Where you see good, well established manufacturing businesses with high productivity and quality control, you invariably also find a strong health and safety record. At Jaguar Land Rover, more than 50 people are employed specifically to work on health and safety. This is not a legal requirement. The managers simply see it as part of good business practice. We need a broader culture of partnership between business and health and safety inspectors. In hazardous occupations, this is happening. The HSE makes it a priority to work with industry groups such as the Confederation of British Metalforming to produce sensible advice for companies. For example, the Manufacturing Technologies Association contributed to the HSE’s work on standards for safety in machine tools.

Sadly, once you leave the shop floor and go to the small business, the office or the village hall, the reputation of health and safety plummets. After all, health and safety originated in industry; that was where the problem was. It is tempting to see this as a result of media exaggeration. Yes, many of the stories that we hear are myths, but the myths persist for a reason. In yesterday’s Birmingham Mail, there was a story about “topple tests” in a local cemetery. These tests apply pressure to gravestones to see if they fall over. Families whose gravestones fell down were charged £500 for repairs. The Government, the Health and Safety Executive and the industry body all said that these tests were not needed, but they went ahead anyway. It is this sort of activity that gives health and safety a bad name.

We need a proportionate management of risk. Studies have shown that, for a pilot, even the slightest change in a display can have a major impact on safety. The same is not true in most offices and small businesses, yet too often the same level of risk avoidance is demanded. As a result, nearly 40 per cent of small businesses say that health and safety regulations are an obstacle to success. For many small businesses, a fear of being sued for negligence, as the noble Lord mentioned, leads them into a twilight world of misleading information and overfussy guidance.

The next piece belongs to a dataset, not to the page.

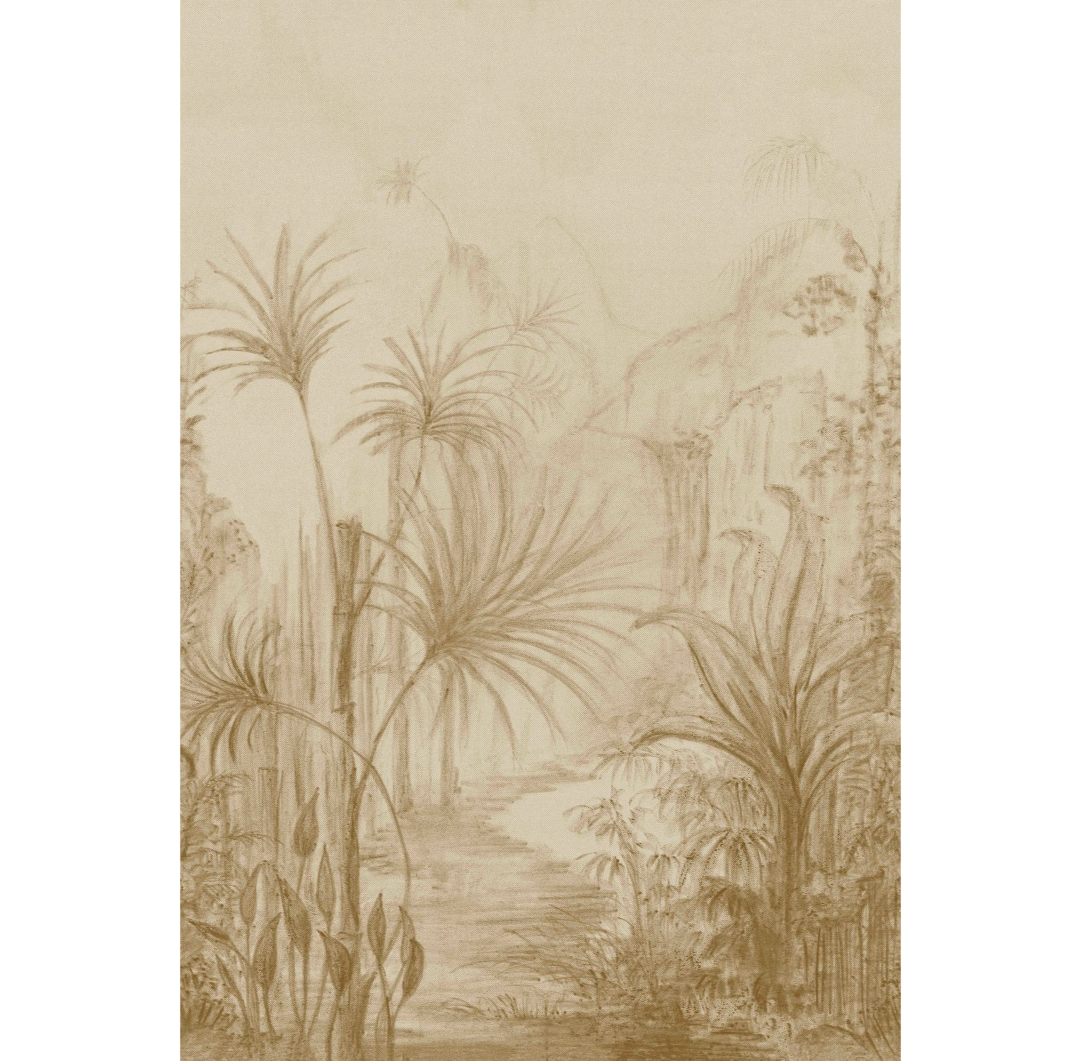 Brown linen-like mural with a plant landscape of a palm grove ARILLE

Often, these policies come not from government but from the small army of consultants who advise businesses on workplace safety. For small businesses, those independent consultants are the main source of information on health and safety. Many are reputable, but some have little interest in making the regulations understandable. The more confusion there is in the interpretation of regulations, the greater is the need for consultancy. It can be nothing more than a gravy train. This leads to high cost. The Better Regulation Executive reported that avoiding pointless health and safety advice could save small businesses £140 million a year.

The solution is clarity and simplicity, not laxer safety rules. We should make it simple for businesses to do their duty by taking reasonable steps to prevent risk. I therefore support the report’s proposal of 20-minute checklists for offices, shops and charities. They should provide clarity that this is all that is required from business. Next, we need to ensure that independent consultants offer good, straightforward advice. Today, the HSE recruits inspectors from industry and puts them through training that provides an understanding of business needs. The report suggests a qualification requirement for consultants, with the HSE taking the lead in validation. I agree. I further suggest that it would be sensible to use the HSE’s existing framework of training as the basis of such a qualification.

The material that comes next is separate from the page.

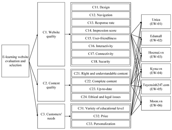 In this section, the linguistics with grey number in the G-TOPSIS model is used to describe the performance ranking of six e-learning websites (alternatives) in Vietnam, which are Unica (EW-01), Edumall (EW-02), Hocmai.vn (EW-03), Kyna.vn (EW-04), Tuyensinh247.com (EW-05), and Moon.vn (EW-06). The decision tree for evaluation of e-learning websites is visualized in Figure 4.

The crisis of health and safety in this country is not one of legislation; as the report says, our legislation is effective. It is not one of fatalities or injuries, on which our record is excellent. The crisis is one of communication, complexity and consultants. To change that, we need simple rules and easily understood, common-sense regulation, not gold-plated regulation. Therefore, I entirely agree with the report, which I would like to see supported and implemented fully.